Тот ответил, что приходить могут все те, кто «хочет помянуть Олечку, дверь квартиры открыта для всех».
— Ну и что там было? — спросил Константинов.
— Отец еле жив, побыл минут тридцать, а потом Дубов вызвал «неотложку», увезли старика — единственная дочь… Говорили о ней все очень хорошо, сердечно говорили… Дубов плакал: «Теперь я вправе сказать открыто, что хороню самого дорогого мне человека, нет никого дороже и не будет». Кольцо обручальное ей надел на палец — на кладбище уже…
— Зотову телеграмму дали?
— Насколько мне известно — нет.
— Почему?
— Фактически-то они ведь разведены…
— Когда она заболела?
— Сосед Дубова рассказал, что с вечера она свалилась, Дубов ей горчичники ставил, делал горчичную ванну — ноги парил; растерялся, старик говорит, но делал все, что мог. А утром вызвали «скорую помощь», но уж поздно было, ничего не могли сделать…
— Ничего не понимаю, — повторил Константинов. — Ровным счетом ничего.
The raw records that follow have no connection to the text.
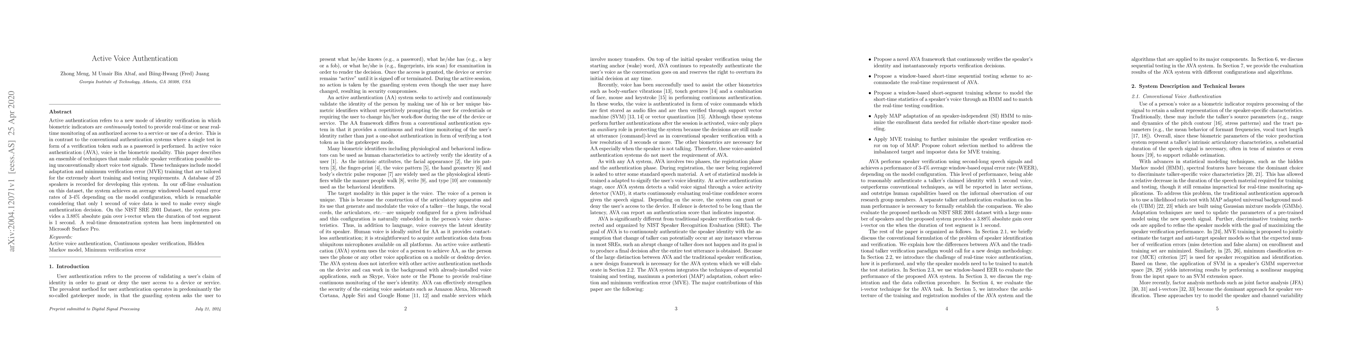 This paper introduces active voice authentication (AVA) using ensemble techniques for reliable speaker verification with short voice signals, achieving 3-4% equal error rates on a custom dataset and a 3.88% gain over i-vector on the NIST SRE 2001 Dataset with 1-second voice data. A real-time demo is implemented on Microsoft Surface Pro.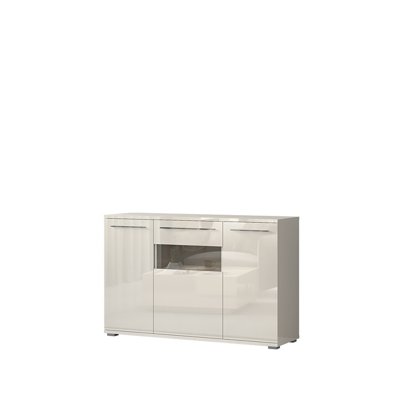 Dnevni boravak RADDA PIANO sastavljen je od šest kvalitetnih te elegantnih elemenata, koji sadrže soft-close mehanizam za tiho zatvaranje te lakšu svakodnevnu upotrebu. Dostupan je u bež boji u visokom sjaju. Vitrina i komoda sadrže i LED rasvjetu. Dnevni boravak je izrađen od oplemenjene iverne ploče, koja je na svim vanjskim djelovima elemenata premazana UV lakom, koji je od standardnih lakova čak 4-puta otporniji na oštećenja.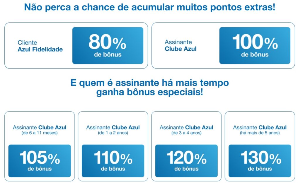 2. Para garantir o bônus, o cliente deve possuir cadastro no programa de fidelidade da Azul, com a conta em situação regular.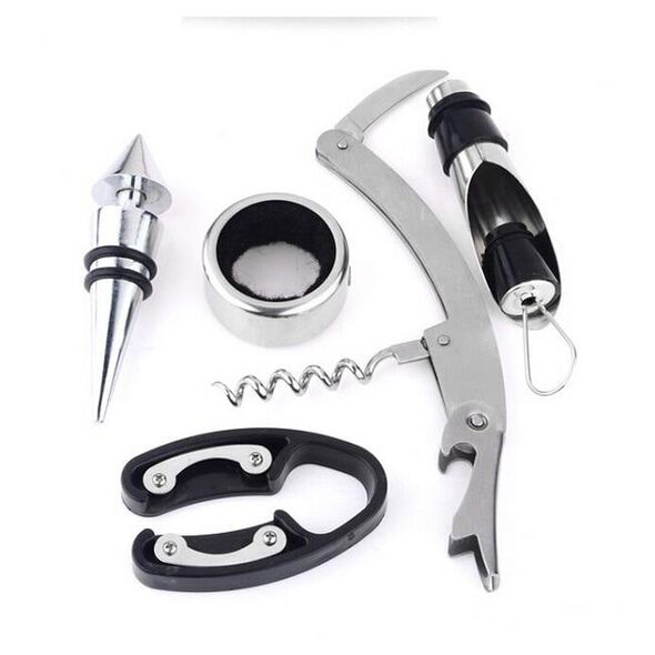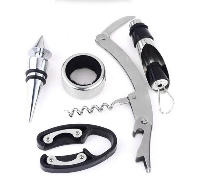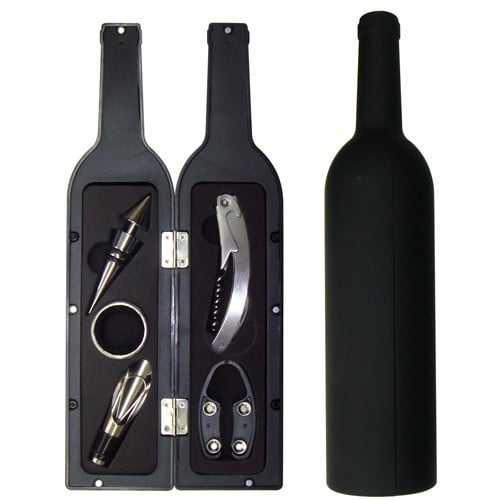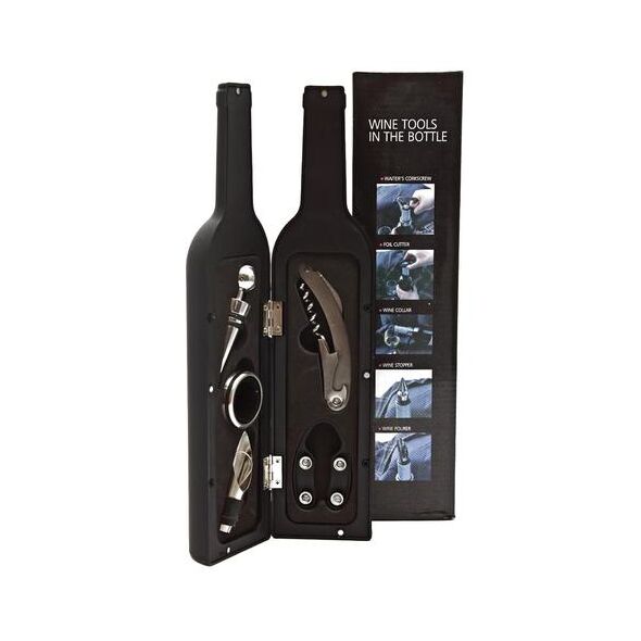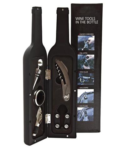 Σετ Σερβιρίσματος Κρασιού σε Θήκη Μπουκάλι με Τιρμπουσόν, Κόφτη Ταινίας, Στόμιο Ροής, Πώμα Διακοπής, Δαχτυλίδι Σερβιρίσματος - Wine Tools in a Bottle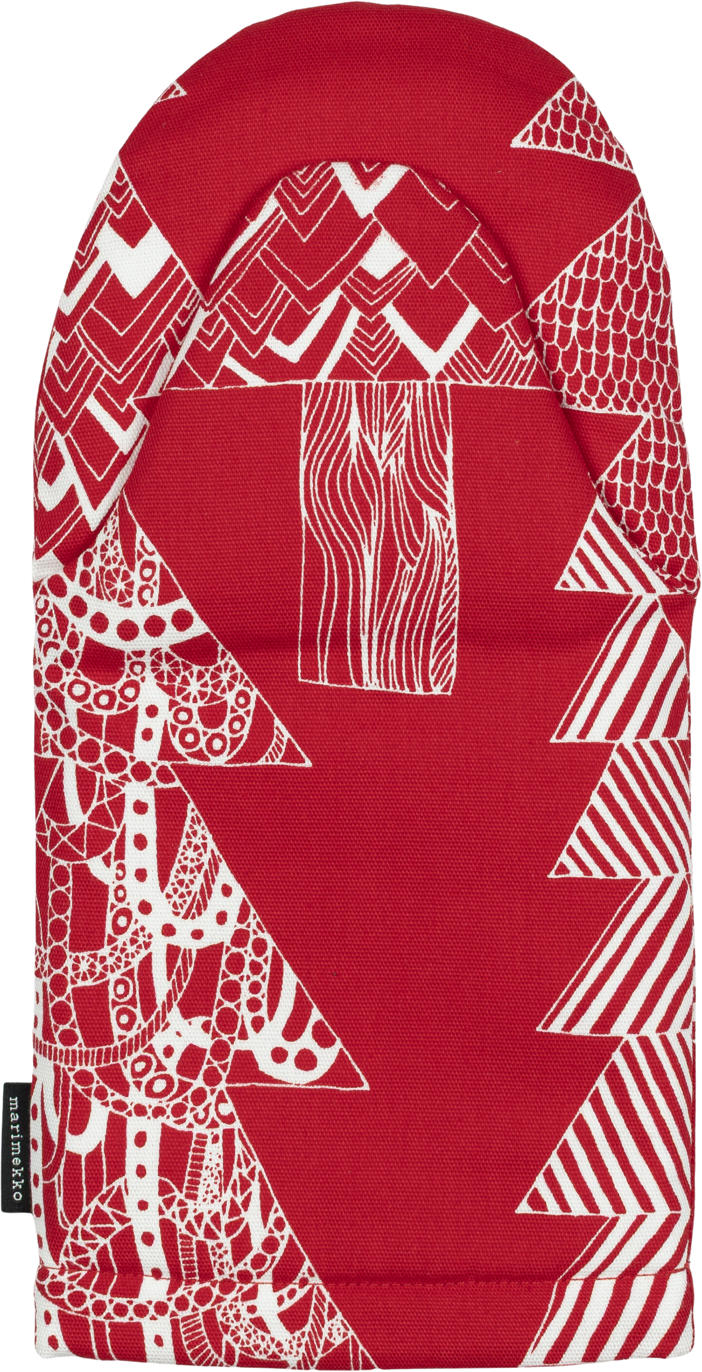 Puuvillakankaasta valmistetussa uunikintaassa on Maija Louekarin suunnittelema Kuusikossa-kuosi. Uunikintaassa on toppaus ja lenkki ripustamista varten.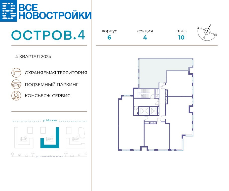 Квартира расположена в квартале 4, в корпусе 6 (секция 4). В каждом подъезде запроектирован пассажирский и грузовой лифты.

Соседа, Дубова — всех поглядите, пожалуйста.
Панов доложил, что последние дни — то есть после смерти Винтер — радиограммы из разведцентра ЦРУ не поступали.
— Значит, она их принимала? — задумчиво спросил Константинов, поглядев на Проскурина.
— Больше некому.
— Ой ли? — Константинов покачал головой, достал сигару, начал медленно сдирать с нее целлофан. — Собирайте людей, обсудим положение.
…Однако наутро, в 7.15, как и раньше, афинский разведцентр ЦРУ отправил своему агенту в Москве короткую радиограмму 5 .
5
Текст нерасшифрованной телеграммы ЦРУ гласил:
«Сегодня мы прочитали ваш контрольный сигнал. Встреча состоится в условленном месте в обычное время. Ваши друзья „Д“ и „Л“».
(Примеч. автора.)
— Так, значит, не Винтер? — спросил Константинов, пригласив к себе Проскурина и Панова.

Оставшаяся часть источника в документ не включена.